Tuesday in Barnes & Noble was rewarding as usual. There was really only one book on my mind as I entered the store, but you know how that goes. Read the other day on NPR an excerpt of the new Alan Bennett book Smut, and was hoping to lay my hands on that. Took some digging but it was there between two distracting stacks on an out-of-the-way table. On a nearby shelf I came across a book unheard of, unmentioned, or at least in my world; a small 2011 hardback release by Lou Beach titled 420 Characters: Stories. The first thing that caught my eye was a quote from Jonathan Lethem: “Holy sh*t! These are great!” Each of the stories is limited to 420 characters, including letters, spaces and punctuation. Sound familiar? They we're each written as a status update on the author’s Facebook page. One example…

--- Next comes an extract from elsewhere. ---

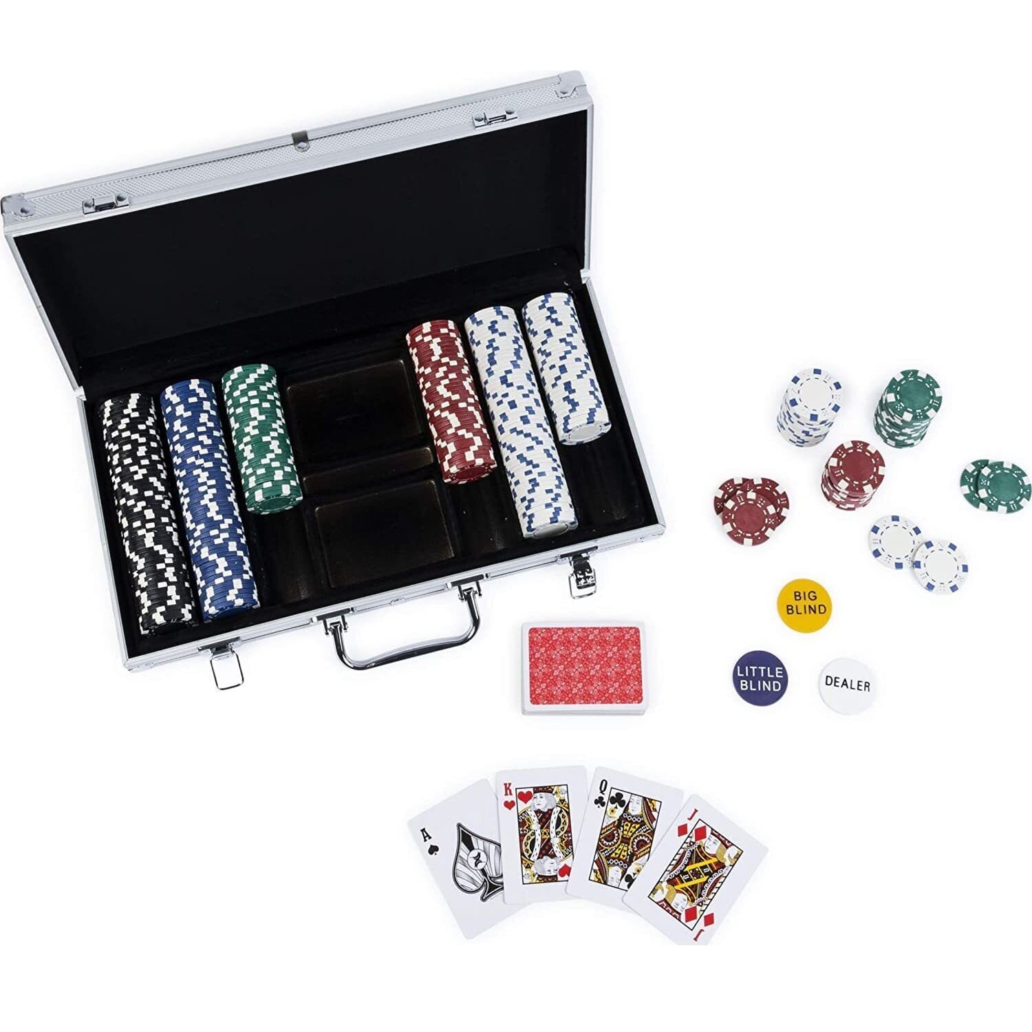 - ALL YOU NEED FOR THE PERECT POKER NIGHT: Comes with 300 casino-style chips, playing cards, dealer button, and 2 betting buttons. Also includes 5 Poker dice.
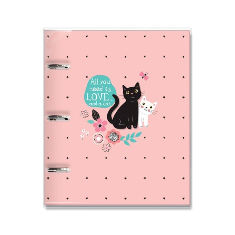 O Caderno Argolado Fichário Gatos é simplesmente lindíssimo! Com capa dura estampada com uma frase inspiradora, como: “All you need is love... anda a cat" As catlovers vão amar!!!

‘The storm came over the ridge, a rocket dropped rain like bees, filled the corral with water and noise. I watched lightning hit the apple trees and thought: “Fritters!” as we packed sandbags against the flood. There was nowhere to go that wasn’t wet, the squall had punched a hole in the cabin roof and the barn was knee-high in mud. We’ll bury Jess later, when the river recedes, before the ground turns hard again.’

That’s it; the end. A haiku-like story that leaves the reader to fill in the blanks.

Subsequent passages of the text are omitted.